I become mentally exhausted. I can't think straight. I become forgetful and can't think of words I want to say or things I need to do. I become clumsy and I constantly make mistakes. I loose my balance and keep tripping up. If I try to write anything down, I get the letters and words the wrong way around. This is a classic one and happens so often, I put the teabag and water in a cup to make a cup of tea, walk over to the fridge, open it and think, now, what did I come over hear for? I then retrace my steps and in doing so spot the cup with water and teabag on counter and exclaim, the milk!
This sounds exactly like me. I went to a doctor a few months back. He started running test to see if I have Lupus. He keeps having me come back for more test and says he isn't ready to diagnose me yet. So I've been trying to change up my diet and take plenty vitamins. It seems to be helping but out of no where this week has been worse than ever and I'm just so tired of it. I'm ready to break down and cry. I have a house full of children and no time to sit around waiting till I'm not to dizzy to stand.
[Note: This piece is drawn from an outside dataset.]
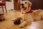 Za to Nelka pożycza mu swoją fundacyjną, czerwoną chustkę. Nie puszczam jej wolno, a przypięta smycz zsuwa chustkę i jest niewygodnie. Może i Nef nie jest Goldenem, ale na pewno chciałby być i godnie reprezentuje fundację Czasami nawet na spacerach ludzie zaczepiają nas i pytają skąd taką mamy Wtedy opowiadam im caaaałą historię i zachęcam do zapoznania się z Wartą Goldena

I'm always fear full to drive expecially with my children in the car. When it's bad like this I can forget where I'm going and miss my stop multiple times. My kids know I'm hard working and they love me so, that they have just learned their own little ways of helping me and not making a big deal out of it. I'm only 32
I get brain fog, not sure if its the meds or the lupus will have to ask the rheumatologist next time I go. Anyway can also sit for hours not thinking or saying anything, find that I have to get people to repeat themselves. I find I end up wasting so much time and that makes me angry and frustrated with myself then the tears come. I feel like I am slurring my words, or I am staring at people but im not its almost like I am just looking through them. I think I have an odd look on my face most of the time and end up apologising fof it....take care. . Xx Uzi xx
Oh and I walk into so mang things, the bruises I get..xx Uzi xx
I've just put a question on about brain fog as I ended up in hospital yesterday as I was so confused. very scary. Dr there told me to mention it at next appt for my mild lupus. reading this I feel a little better as I had never heard of fog till he mentioned it.
I know this was written over 8 months ago, couldn't see anyone mention hughes syndrome (Antiphospholipid syndrome)
Maybe worth taking a look it's on health unlocked site.